Rothrist dans le canton d'Argovie est un coin un peu perdu. Pourtant, c'est là que se trouve le siège de Rivella. Pour attirer les employés qualifiés, l'entreprise suisse mise sur des conditions de travail attractives.
Le travail à temps partiel et le partage de poste ont la cote. Même les chefs les plus hauts placés ont le droit à une vie privée: un jour par semaine, Silvan Brauen se consacre à ses enfants. Erland Brügger, lui, ne travaille que trois jours par semaine pour Rivella. Blick a rencontré les deux dirigeants qui se partagent la direction de l'entreprise lors d'une semaine importante: le lancement du Rivella Jaune. Avec leur nouveau produit, ils souhaitent donner un nouveau souffle à l'entreprise qui emploie 300 personnes.

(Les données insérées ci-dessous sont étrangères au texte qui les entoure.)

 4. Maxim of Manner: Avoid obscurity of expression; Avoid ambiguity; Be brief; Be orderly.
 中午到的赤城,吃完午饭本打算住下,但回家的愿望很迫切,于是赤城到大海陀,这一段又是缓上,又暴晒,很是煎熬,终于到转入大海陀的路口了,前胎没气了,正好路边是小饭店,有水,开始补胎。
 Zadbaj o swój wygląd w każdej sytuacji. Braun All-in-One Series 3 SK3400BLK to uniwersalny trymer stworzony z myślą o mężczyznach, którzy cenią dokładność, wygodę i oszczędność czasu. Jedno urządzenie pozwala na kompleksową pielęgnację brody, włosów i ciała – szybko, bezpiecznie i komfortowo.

Cette semaine, vous avez lancé une grande campagne publicitaire pour Rivella Jaune, notamment dans Blick. Outre les trams, un portail d'information était même aux couleurs de votre nouvelle boisson. Combien cela vous a-t-il coûté?
Silvan Brauen (SB): Nous ne pouvons pas révéler le montant exact. Mais nous y avons consacré une part substantielle de notre budget marketing. Il est important que Rivella Jaune soit un succès.

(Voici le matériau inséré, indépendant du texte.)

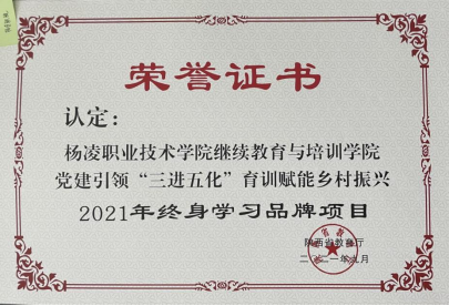 近日,学校“党建引领育训赋能乡村振兴”项目被全民终身学习活动领导小组、中国成人教育协会联合授予“2021年终身学习品牌项目”。这是继陕西省教育厅授予我校“党建引领‘三进五化’育训赋能乡村振兴”终身学习品牌项目后的又一殊荣。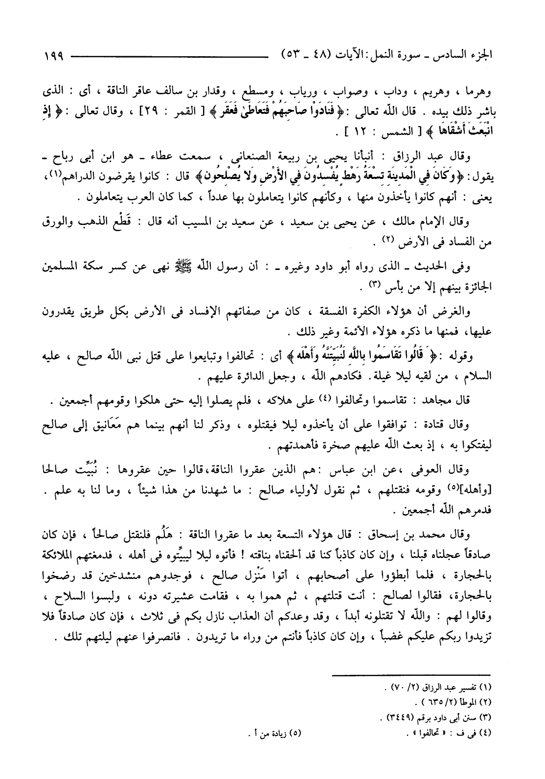 وَقَالَ الْعَوْفِيُّ، عَنِ ابْنِ عَبَّاسٍ: هُمُ الَّذِينَ عَقَرُوا النَّاقَةَ، قَالُوا حِينَ عَقَرُوهَا: نُبَيِّت صَالِحًا [وَأَهْلَهُ] (5) وَقَوْمَهُ فَنَقْتُلُهُمْ، ثُمَّ نَقُولُ لِأَوْلِيَاءِ صَالِحٍ: مَا شَهِدْنَا مِنْ هَذَا شَيْئًا، وَمَا لَنَا بِهِ مِنْ عِلْمٍ. فَدَمَّرَهُمُ اللَّهُ أَجْمَعِينَ.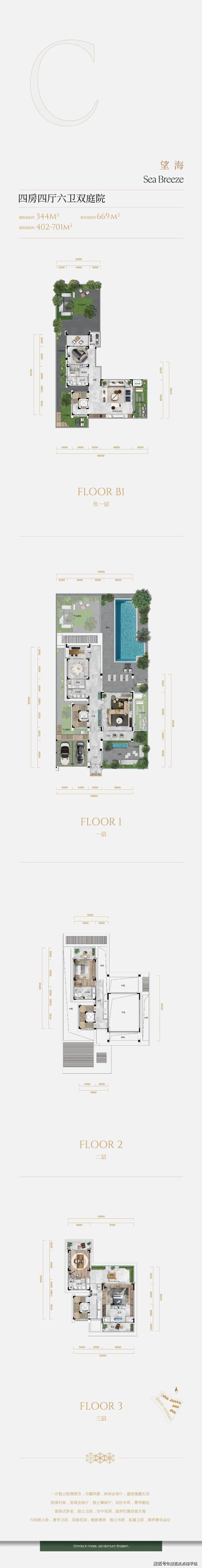 建面约344-445㎡独栋,千平大院的传世藏品。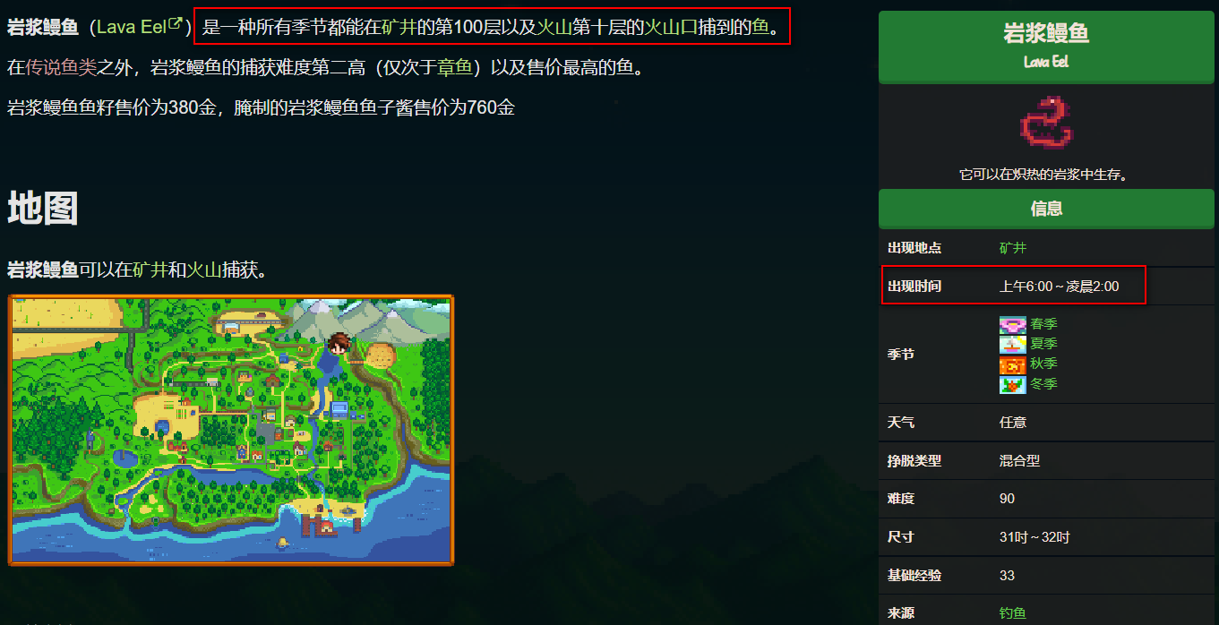 首頁 星露穀物語 問答 星露穀物語熔岩鰻魚釣不上來怎麼辦? 2023-01-12 岩漿(熔岩)鰻魚必須在上午6:00~凌晨2:00釣,其他時間鰻魚釣不上來。岩漿鰻魚是一種所有季節都能在礦井的第100層以及火山第十層的火山口捕到的魚。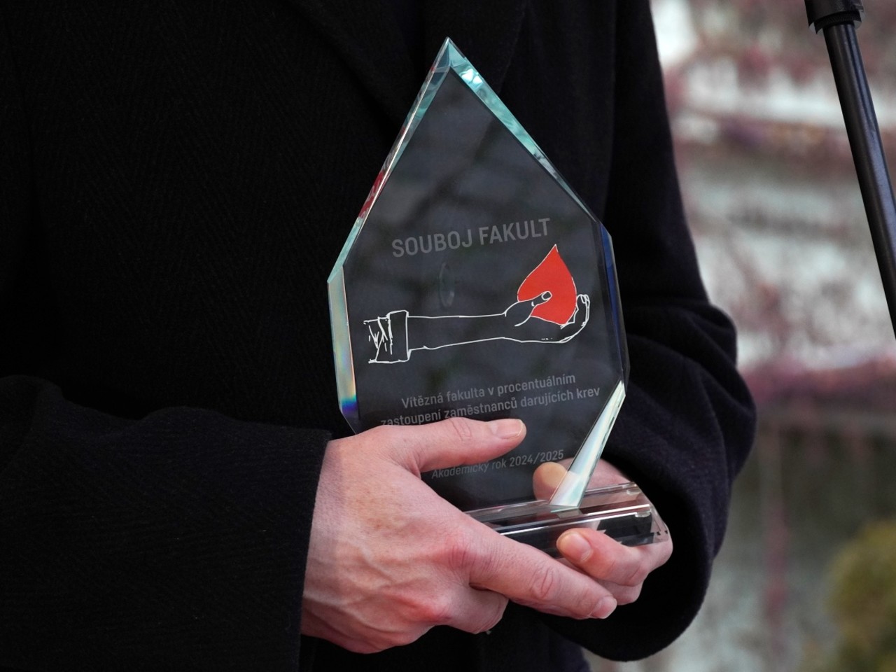Zástupci vítězných fakult si krásné skleněné plakety převzali na pódiu na nádvoří Zbrojnice během letošního Punče s rektorem pro zaměstnankyně a zaměstnance UP. Za přírodovědeckou fakultu cenu převzal pedagog a prezident Českého červeného kříže Marek Jukl, za fakultu zdravotnických věd pak děkan Jiří Vévoda a studentská senátorka Hana Mrnuštíková. Všem, kteří se do letošního souboje fakult zapojili, poděkovala z pódia primářka transfuzního oddělení Fakultní nemocnice Olomouc Dana Galuszková.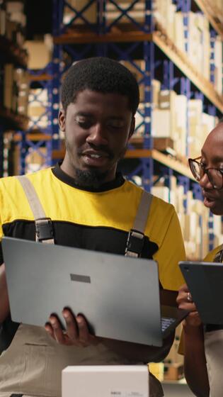 Vertical Black team members handling package data on laptop for order processing in logistics hub, verifying pallets shipping labels for distribution protocols. Efficient e-commerce warehouse. Camera B. Pro Video

En 2008, vous aviez déjà essayé la couleur jaune – sans succès. Rivella Cliq, Refresh ou Enertea ont également disparu du marché. Comment allez-vous faire pour que cela fonctionne cette fois-ci?

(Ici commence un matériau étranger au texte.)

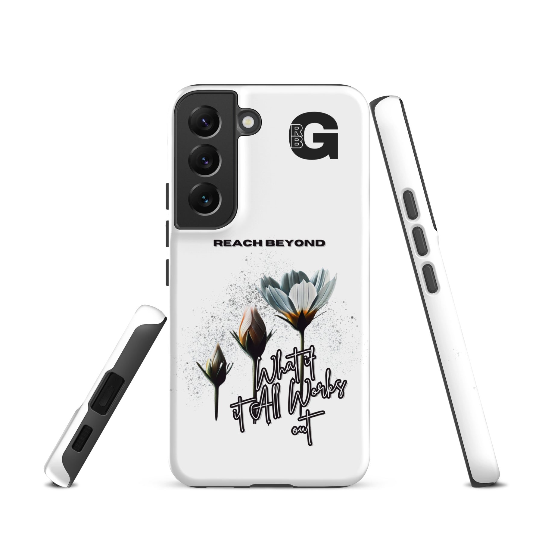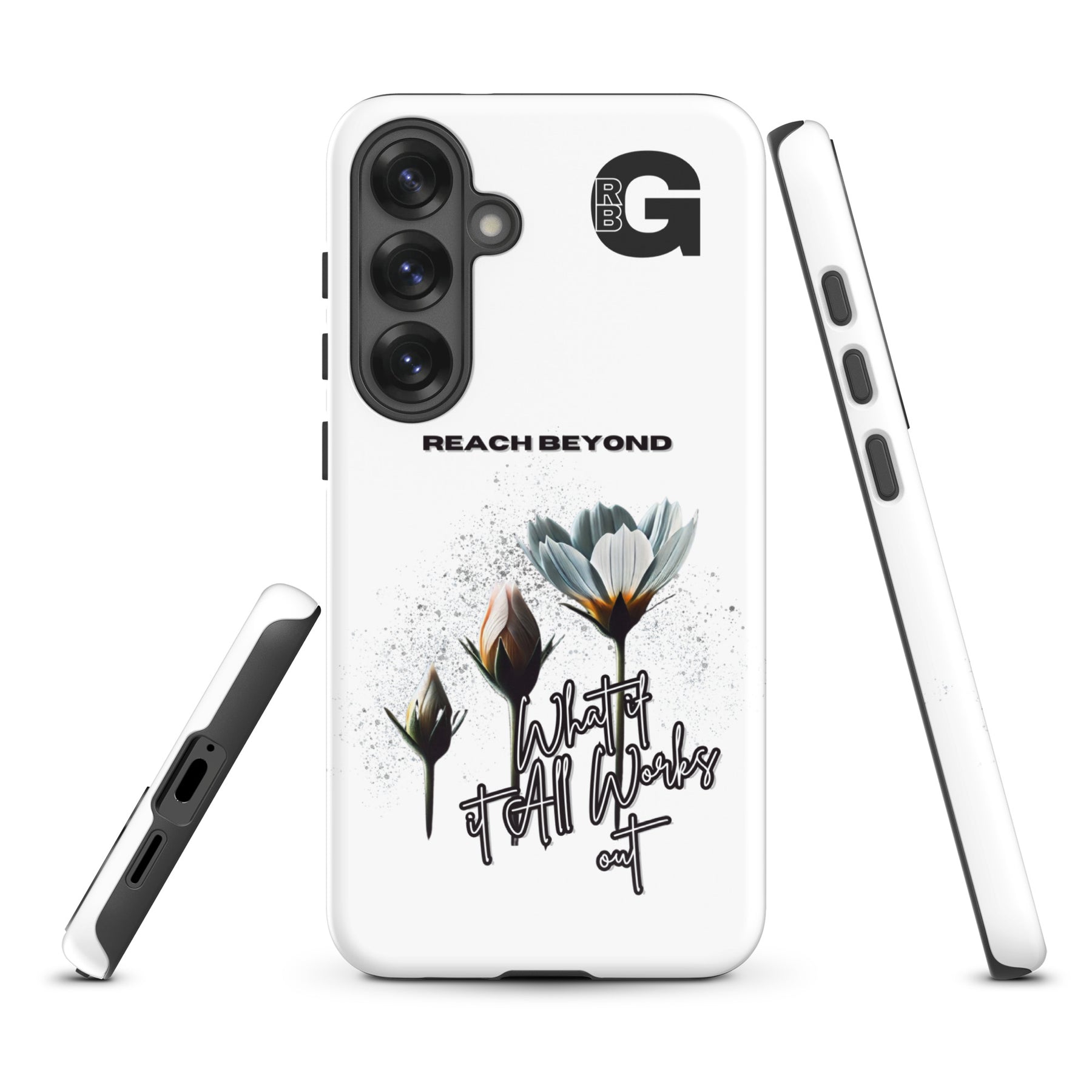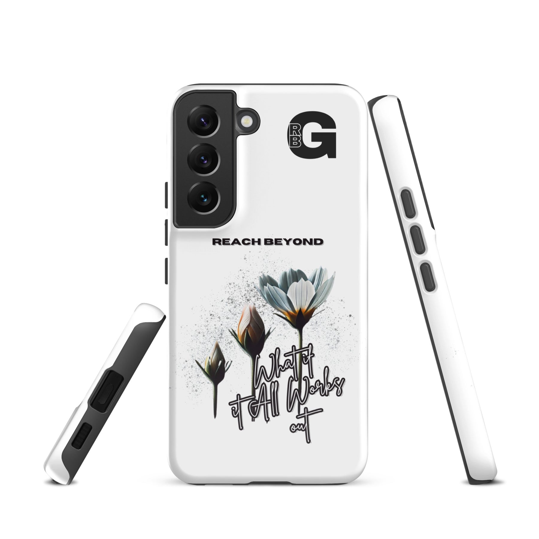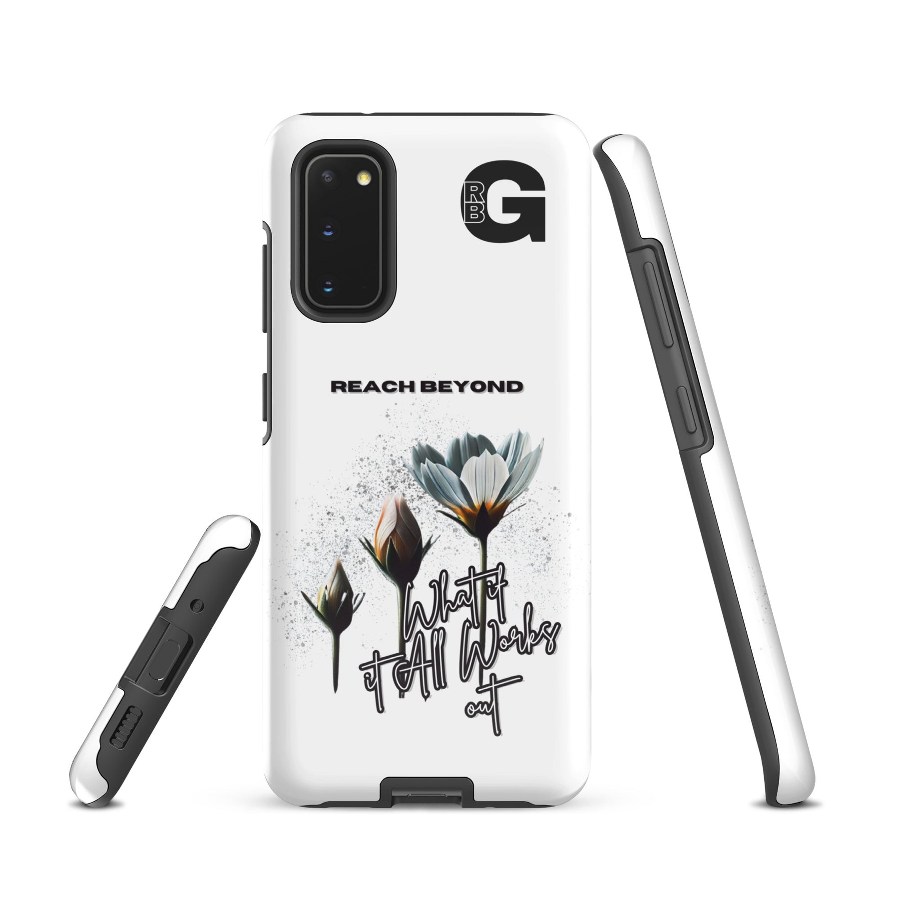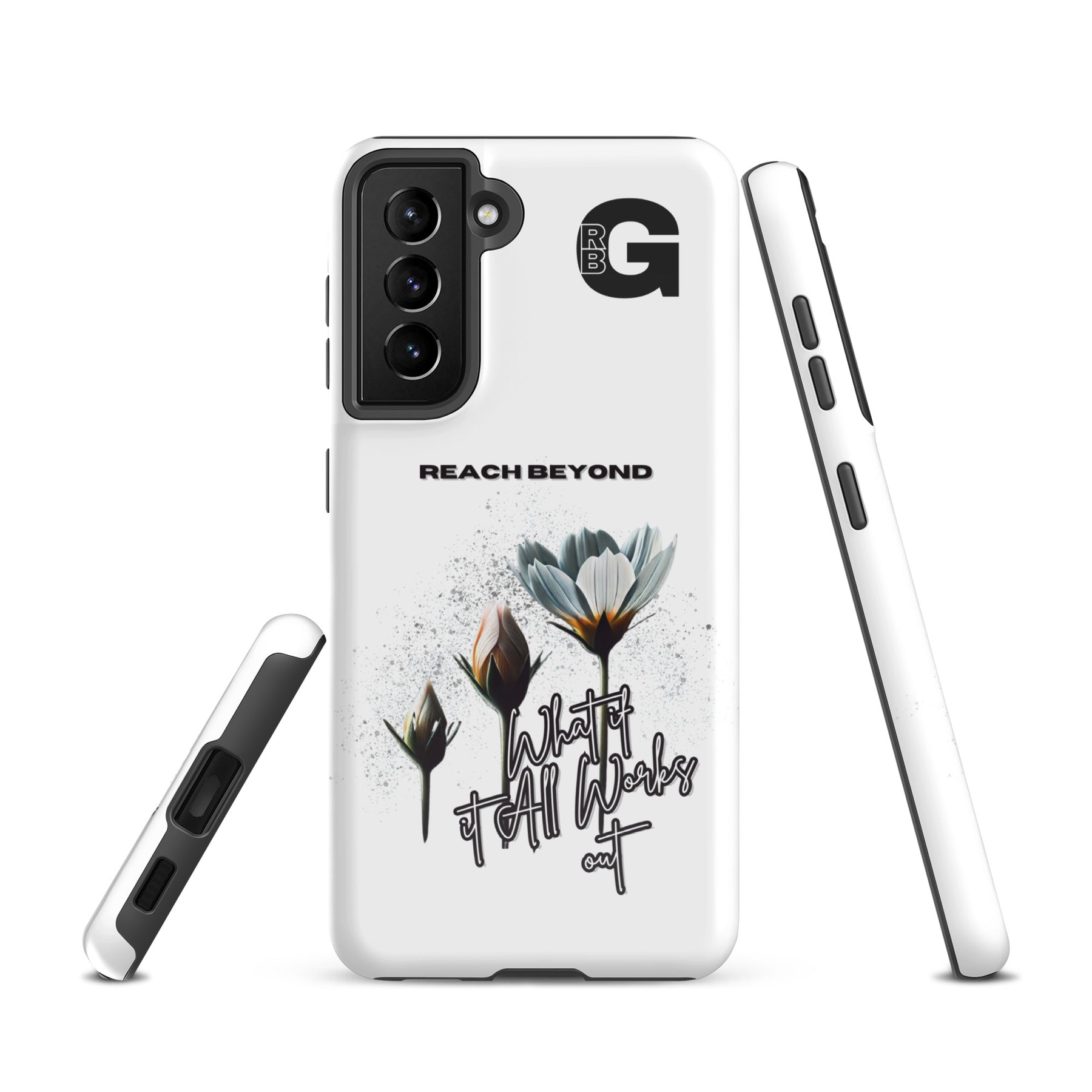 Schütze dein Smartphone mit Stil und starker Symbolkraft. Die Wiiawo-Samsung Hardcase-Hülle vereint ein klares, modernes Design mit einer tiefen Bedeutung: Die Lebensblume steht seit Jahrhunderten für Energie, Harmonie und Wachstum. Ergänzt wird sie durch den Schriftzug „Reach Beyond“ sowie das markante G-Logo, das deine Mission verkörpert – über dich hinauszuwachsen, jeden Tag.

Erland Brügger (EB): Malgré le même nom, le produit est complètement nouveau. C'est le premier Rivella sans petit-lait. Nous devenons ainsi intéressants non seulement pour les vegans, mais aussi pour les personnes intolérantes au lactose, et il y en a près de deux millions en Suisse.
SB: Le nouveau Rivella Jaune contient par ailleurs nettement moins de sucre que l'original. Nous répondons ainsi à un autre besoin des clients qui a gagné en importance ces dernières années.
Le choix de la couleur ne parle pas à tout le monde. Certains le trouvent même peu appétissant ...
SB: Nous avons eu de vives discussions au sein de l'entreprise, y compris avec le Conseil d'administration, pour savoir si nous devions à nouveau tenter notre chance avec un Rivella Jaune. C'est une décision audacieuse, mais nous sommes convaincus que c'est la bonne. Le jaune est associé au véganisme et à la faible teneur en sucre. Nous ne pensons pas qu'il s'agisse d'une association indésirable. Ce n'est d'ailleurs pas un problème pour la bière...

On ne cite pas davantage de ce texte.